I know that the Poincare's lemma asserts that under certain conditions a differential form $\omega$ is exact, i.e. it possesses an antiderivative $\sigma$, such that $\omega=d\sigma$.
But as far as I can tell, the proof does not contain an algorithm for actually finding such an $\sigma$ (at least in the way we sketched the proof in class). So my question is: Is there a general algorithm (in a loose sense, not necessarily something one would implement on a computer) that tells me how do effectively calculate $\sigma$ ?
If there is, could someone please illustrate me its steps on some exact form of a higher degree, like the $2$-form $$\omega=(xydy)\wedge (2zdx+xdz) ?$$
My hope is that that will get me started, so that I'll be able to find antiderivatives on my own.
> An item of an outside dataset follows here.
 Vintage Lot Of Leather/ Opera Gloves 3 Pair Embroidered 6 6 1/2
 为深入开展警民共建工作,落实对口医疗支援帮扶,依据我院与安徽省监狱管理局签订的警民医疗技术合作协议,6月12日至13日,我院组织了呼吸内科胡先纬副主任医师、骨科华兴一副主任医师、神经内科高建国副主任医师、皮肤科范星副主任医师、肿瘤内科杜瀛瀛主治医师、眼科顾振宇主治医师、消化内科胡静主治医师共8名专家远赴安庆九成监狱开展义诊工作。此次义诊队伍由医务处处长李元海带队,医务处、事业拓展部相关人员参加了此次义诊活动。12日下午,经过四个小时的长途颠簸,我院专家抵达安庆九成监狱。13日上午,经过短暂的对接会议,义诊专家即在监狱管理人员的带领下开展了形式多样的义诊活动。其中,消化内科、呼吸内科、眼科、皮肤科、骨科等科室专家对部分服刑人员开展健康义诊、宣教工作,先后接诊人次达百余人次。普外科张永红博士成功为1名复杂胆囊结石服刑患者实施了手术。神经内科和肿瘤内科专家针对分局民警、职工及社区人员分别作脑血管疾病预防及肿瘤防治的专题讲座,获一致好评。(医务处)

If you have a nice coordinate expression for the form (without singularities), then it is fairly easy. The form you wrote can bw written as: $$ \omega = y\,dy\wedge (2xz\,dx + x^2\,dz) $$ Why we isolated $y$ will be clear in a second.
Now: $$ d\omega = d(y\,dy)\wedge (2xz\,dx + x^2\,dz) - y\,dy\wedge d(2xz\,dx + x^2\,dz) $$
The first term is zero, because $d(y\, dy) = dy\wedge dy = 0$. This is why we isolated $y$ (always isolate a coordinate, if you can. It is an overall exact form that decouples from the total form).
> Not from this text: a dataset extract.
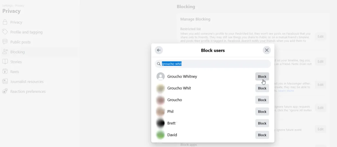 从左侧边栏中,选择隐私>阻止。单击阻止用户旁边的编辑按钮。单击添加到阻止列表的选项。开始输入您要阻止的人的姓名。当弹出正确的名称时,单击阻止按钮。
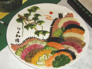 以色命名:金玉羹、玉露團(tuán)、琥珀肉。以時令命名:冬凌粥、秋葉餅。以烹調(diào)技法命名:滑熘里脊、粉蒸肉、干炸帶魚。以地名命名:北京烤鴨、南京板鴨、涪陵榨菜。以人物命名:東坡肉、文思豆腐、宮爆雞丁。以典故命名:柳浪聞鶯、掌上明珠、陽關(guān)三疊。以比喻、寄意、抒懷命名:通神餅、龍鳳腿、龍眼包子、麒麟魚、鴛鴦魚片、螞蟻上樹。以數(shù)字命名:一窩絲、二色膾、三不粘、四美羹、五福餅、六一菜、七返糕、八寶飯、九絲湯、十遠(yuǎn)羹、酒醉十三蠔、二十四氣餛飩、五彩牛百葉、八寶三味梨、百鳥歸鳳、千層糕、萬年紫鮑。

We are left with: $$ d\omega = - y\,dy\wedge d(2xz\,dx + x^2\,dz) = -y\,dy\wedge d(2x - 2x)\,dx\wedge dz = 0 $$
It is crucial that the two terms cancel each other out in the exterior derivative, it means that they are a "Leibniz" term in the form $d\alpha\, \beta +\alpha\, d\beta$, which is $d(\alpha\,\beta)$.
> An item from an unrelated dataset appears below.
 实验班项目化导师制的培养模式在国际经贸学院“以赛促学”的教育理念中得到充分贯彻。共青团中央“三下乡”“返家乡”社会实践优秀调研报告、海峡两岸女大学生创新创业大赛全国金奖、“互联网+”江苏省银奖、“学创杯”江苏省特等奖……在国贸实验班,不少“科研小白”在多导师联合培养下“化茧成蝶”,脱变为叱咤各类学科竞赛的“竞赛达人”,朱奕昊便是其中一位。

In particular, the term $2xz\,dx$ has a $2x$ that looks a lot like the derivative of the $x^2$ appearing in the second term. Can you see what I mean? So if we rewrite: $$ \omega = y\,dy\wedge (2xz\,dx + x^2\,dz) $$
We recognize $d(x^2)=2x\,dx$, and obviously $d(z)=dz$, so: $$ \omega = y\,dy\wedge (d(x^2)\,z + x^2\,dz) = y\,dy\wedge d(x^2z) $$
You see that $\omega$ is now clearly the derivative of: $$ \sigma = y\,dy\,x^2z= x^2yz\,dy $$
In fact: $$ d\sigma = d(y\wedge dy)\,x^2z + y\,dy\wedge d(x^2z). $$
The first term is zero, because $d(y\, dy) = 0$, as we saw. We are left with:
$$ d\sigma = y\,dy\wedge d(x^2z) = y\,dy\wedge (2xz\,dx + x^2\,dz) = \omega. $$
I hope it is clear enough, otherwise comment and I'll explain more!